De Launay chuckled mirthlessly. “Tell it to the ministry of war!” he sneered. “I’ll say that much for them: in France, to-day, money doesn’t buy commands. Besides, I wouldn’t give a lead two-bit piece for all the rank I could come by that way. I fought for my gold braid – and if they’ve taken it away from me, I’ll not buy it back.”
“There will be other opportunities for distinction,” said Mr. Doolittle, rather feebly.
“For diplomats and such cattle. Not for soldiers. There was a time when I had ambition – there are those who say I had too much – but I’ve seen the light. War, to-day, isn’t what it used to be. It’s too big for any Napoleon. It’s too big for any individual. It’s too big for any ambition. It’s too damn big to be worth while – for a man like me.”
Mr. Doolittle was puzzled and said so.
“Well, I’ll try to make it clear to you. When I started soldiering, it was with the idea that I’d make it a life work. I had my dreams, even when I was a degraded outcast in the Legion. I pursued ’em. They were high dreams, too. They are right in suspecting me of that.
“For a good many years it looked as though they might be dreams that I could realize. I’m a good soldier, if I do say it myself. I was coming along nicely, in spite of the handicap of having come from the dregs of Sidi-bel-Abbes up among the gold stripes. And I came along faster when the war gave me an opportunity to show what I could do. But, unfortunately for me, it also presented to me certain things neither I nor any other man could do.
“You can’t wield armies like a personal weapon when the armies are nations and counted in millions. You can’t build empires out of the levy en masse. You can’t, above all, seize the imagination of armies and nations by victories, sway the opinions of a race, rise to Napoleonic heights, unless you can get advertising – and nowadays a kid aviator who downs his fifth enemy plane gets columns of it while nobody knows who commands an army corps outside the general staff – and nobody cares!
“Where do you get off under those circumstances? I’ll tell you. You get a decoration or two, temporary rank, mention in the Gazette– and regretful demotion to your previous rank when the war is over.

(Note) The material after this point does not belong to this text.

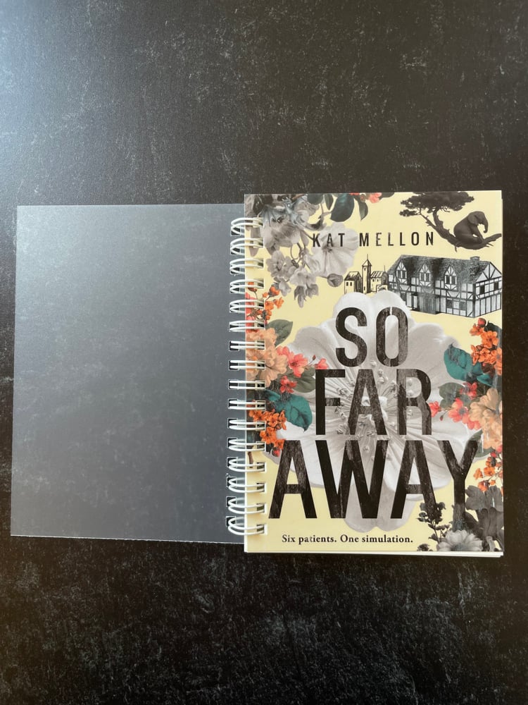 A fun notebook and a great excuse to carry around the So Far Away cover! Paper is unlined. The pen ink color is black. Pens won’t be shipped individually due to high shipping costs.
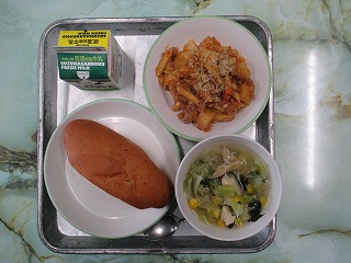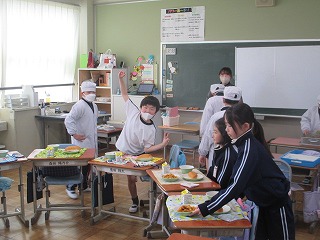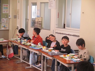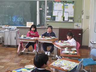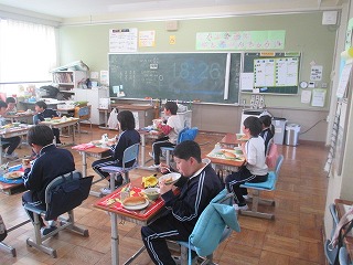 本日は今年度最後の給食の日でした。「小型玄米パン、牛乳、ミートグラタン、野菜スープ」のメニューでした。多くの学級が、みんなの顔が見えるような形になって給食を食べていました。この1年間、毎月の給食目標を意識して、食べることができたでしょうか。新学期の給食は、4月10日(木)から始まります。春休み中もバランスの良い食事と規則正しい生活を送り、4月からの新学期を元気に迎えてほしいと思います。

“War, Mr. Doolittle, isn’t half the hell that peace is – to a fellow like me. Peace means the chance to eat my heart out in idleness; to grow fat and gray and stupid; to – oh! what’s the use! It means I’m through– through at forty, when I ought to be rounding into the dash for the final heights of success.

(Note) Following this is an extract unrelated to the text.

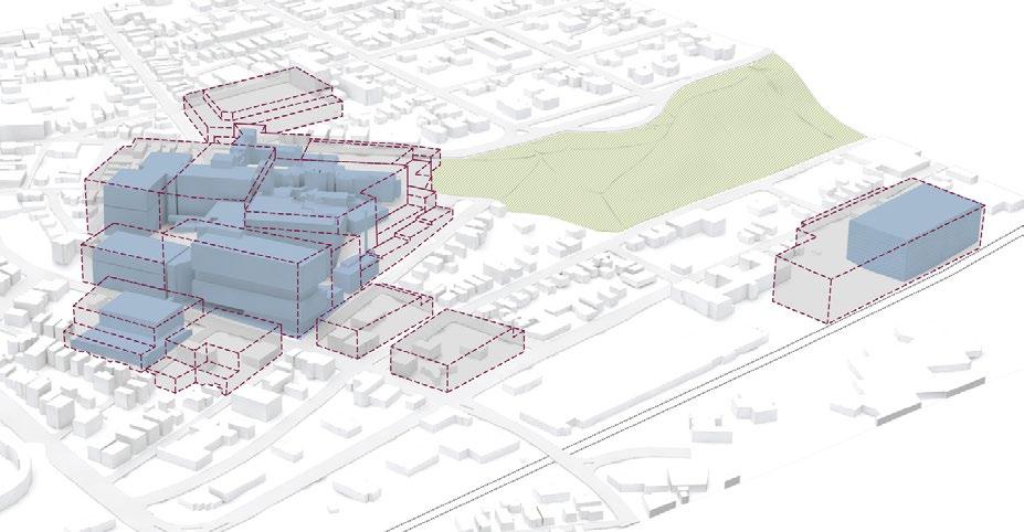 Form-based zoning envelope protects historic neighborhoods while enabling hospital flexibility to grow.

“That’s what’s the trouble with me. I’m through, Mr. Doolittle; and I know it. That’s why I look like this. That’s why money means nothing to me. I don’t need it. Once I was a cow-puncher, and then I became a soldier and finally a general. Those are the things I know, and the things I am fit for, and money is not necessary to any of them.
“So I’m through as a soldier, and I have nothing to turn back to – except punching cows. It’s a comedown, Mr. Doolittle, that you’d find it hard to realize. But I realize it, you bet – and that’s why I prefer to feel sort of low-down, and reckless and don’t-give-a-damnish – like any other cow hand that’s approaching middle age with no future in front of him. That’s why I’m taking to drink after twenty years of French temperance. The Yankees say a man may be down but he’s never out. They’re wrong. I’m down – and I’m out! Out of humor, out of employment, out of ambition, out of everything.”
“That, if you will pardon me, general, is ridiculous in your case,” remonstrated the banker. “What if you have decided to leave the army – which is your intention, I take it? There is much that a man of wealth may accomplish; much that you may interest yourself in.”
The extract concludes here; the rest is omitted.